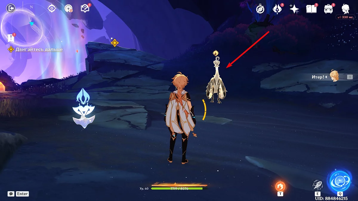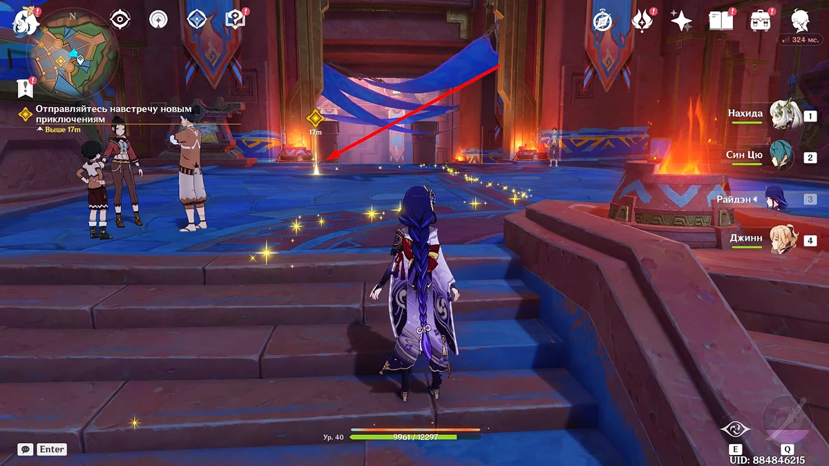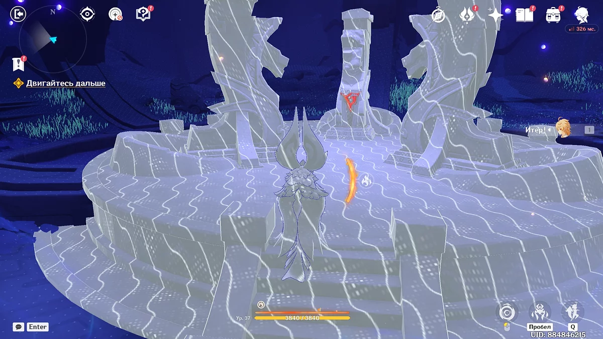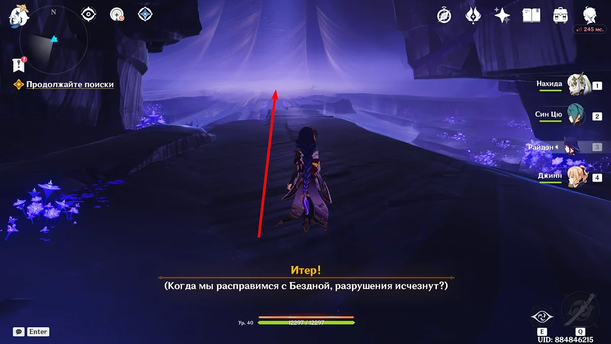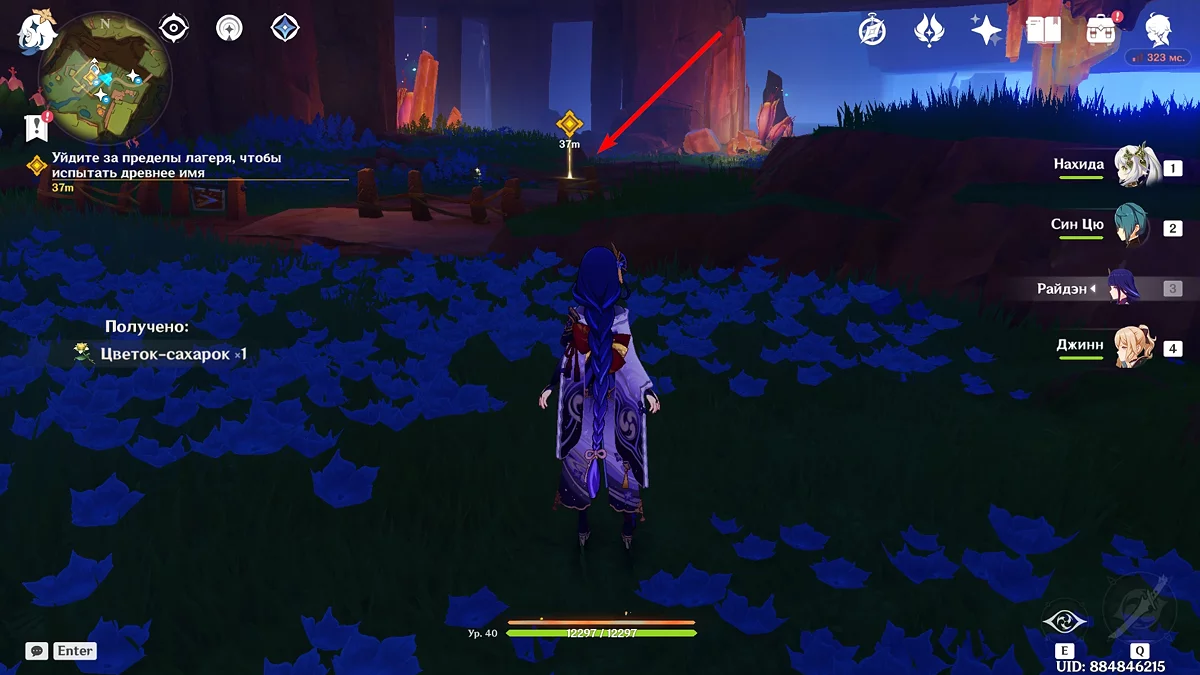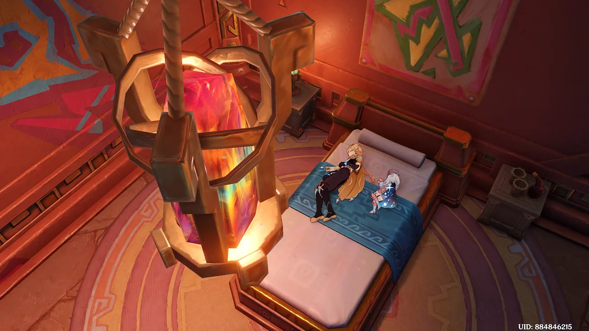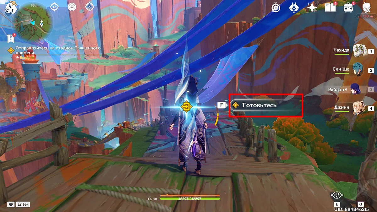 Po przejściu do przodu, aktywna postać zmieni się na Mavuikę. Idź naprzód i pokonaj dwa mimiflory. Użyj umiejętności bohaterki, aby szybciej pokonać wrogów. Idąc dalej, skocz na duchową ścieżkę (wcześniej aktywując cykl płomieni). Pokonaj Cryo Abyss Mage'a i kontynuuj. Mavuika porozmawia ze swoją siostrą Hini i ruszy dalej. Następnie akcja przełączy się na Podróżnika.
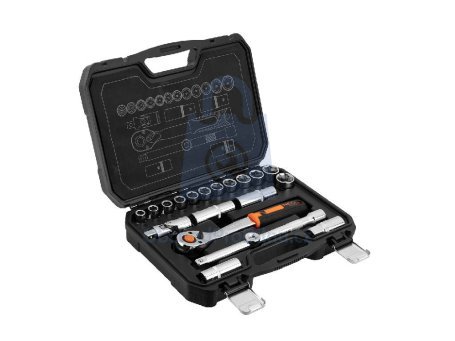 šestihranné nástrčné hlavice 1/2" 12 ks: 10, 11, 12, 13, 14, 15, 16, 17, 18, 19, 22, 24 mm, prodloužené šestihranné nástrčné hlavice 1/2" 2 ks: 17, 19 mm, ráčna 1/2", 92 zubů, prodlužovací nástavec 1/2" 250 mm, univerzální kloub 1/2", redukce 1/2" x 3/8", nástrčné hlavice na zapalovací svíčky 1/2" 2 ks, 16 mm a 21 mm.
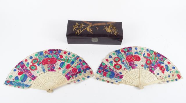 Lot de Boite rectangulaire en laque et 2 éventails indochinois en plume et os au prix de 20 à 30 € en vente aux enchères par l'hôtel des ventes Primardeco
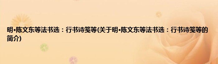 1、 《明·陈文东等法书选:行书诗笺等》是历代法书真迹萃编系列之一。
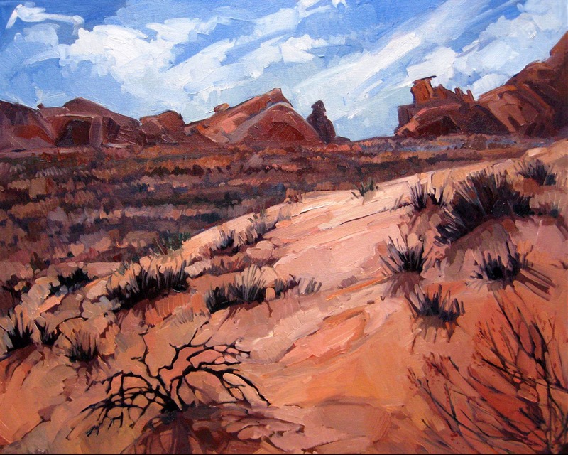 ERIN HANSON has been painting in oils since she was 8 years old. As a teenager, she apprenticed at a mural studio where she worked on 40-foot-long paintings while selling art commissions on the side. After being told it was too hard to make a living as an artist, she got her degree in Bioengineering from UC Berkeley. Afterward, Erin became a rock climber at Red Rock Canyon, Nevada. Inspired by the colorful scenery she was climbing, she decided to return to her love of painting and create one new painting every week.
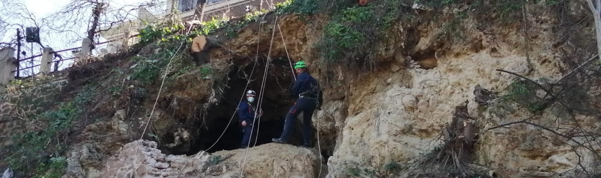 Attrezzati con imbrago e doppia fune, gli speleologi di Roma Sotterranea si sono calati lungo il costone tra Via Archimede e Via Maresciallo Pilsudsky in quella che molte testate giornalistiche hanno definito erroneamente una "grotta".
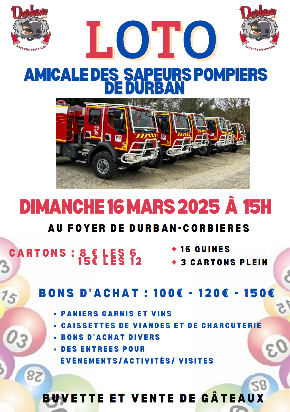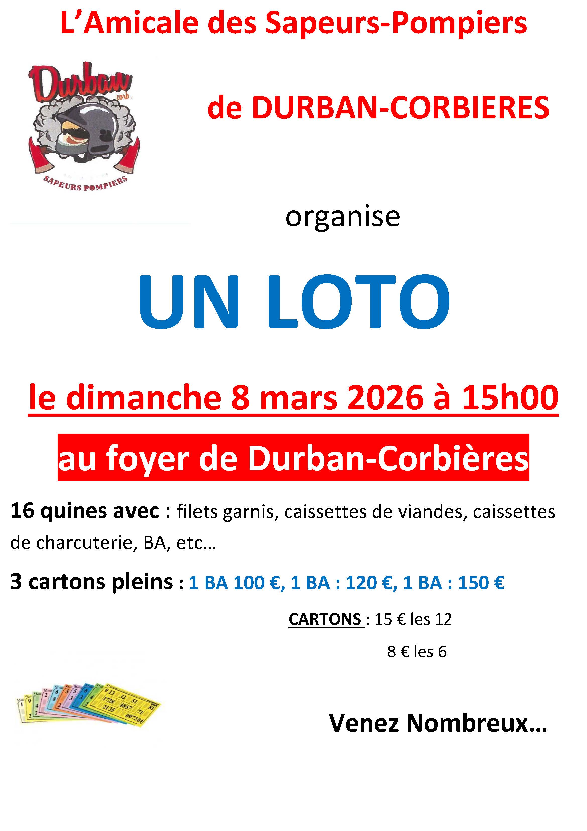 Loto Amicale Sapeurs Pompiers de Durban, Dimanche 16 Mars 2025 à 15h

-- WHAT THIS TASK INVOLVES --
With the pictures left out, restate word for word every line of the data above, from the first down to the line that contains "ERIN HANSON has".

-- WRITTEN SOLUTION --
 Po przejściu do przodu, aktywna postać zmieni się na Mavuikę. Idź naprzód i pokonaj dwa mimiflory. Użyj umiejętności bohaterki, aby szybciej pokonać wrogów. Idąc dalej, skocz na duchową ścieżkę (wcześniej aktywując cykl płomieni). Pokonaj Cryo Abyss Mage'a i kontynuuj. Mavuika porozmawia ze swoją siostrą Hini i ruszy dalej. Następnie akcja przełączy się na Podróżnika.
 šestihranné nástrčné hlavice 1/2" 12 ks: 10, 11, 12, 13, 14, 15, 16, 17, 18, 19, 22, 24 mm, prodloužené šestihranné nástrčné hlavice 1/2" 2 ks: 17, 19 mm, ráčna 1/2", 92 zubů, prodlužovací nástavec 1/2" 250 mm, univerzální kloub 1/2", redukce 1/2" x 3/8", nástrčné hlavice na zapalovací svíčky 1/2" 2 ks, 16 mm a 21 mm.
 Lot de Boite rectangulaire en laque et 2 éventails indochinois en plume et os au prix de 20 à 30 € en vente aux enchères par l'hôtel des ventes Primardeco
 1、 《明·陈文东等法书选:行书诗笺等》是历代法书真迹萃编系列之一。
 ERIN HANSON has been painting in oils since she was 8 years old. As a teenager, she apprenticed at a mural studio where she worked on 40-foot-long paintings while selling art commissions on the side. After being told it was too hard to make a living as an artist, she got her degree in Bioengineering from UC Berkeley. Afterward, Erin became a rock climber at Red Rock Canyon, Nevada. Inspired by the colorful scenery she was climbing, she decided to return to her love of painting and create one new painting every week.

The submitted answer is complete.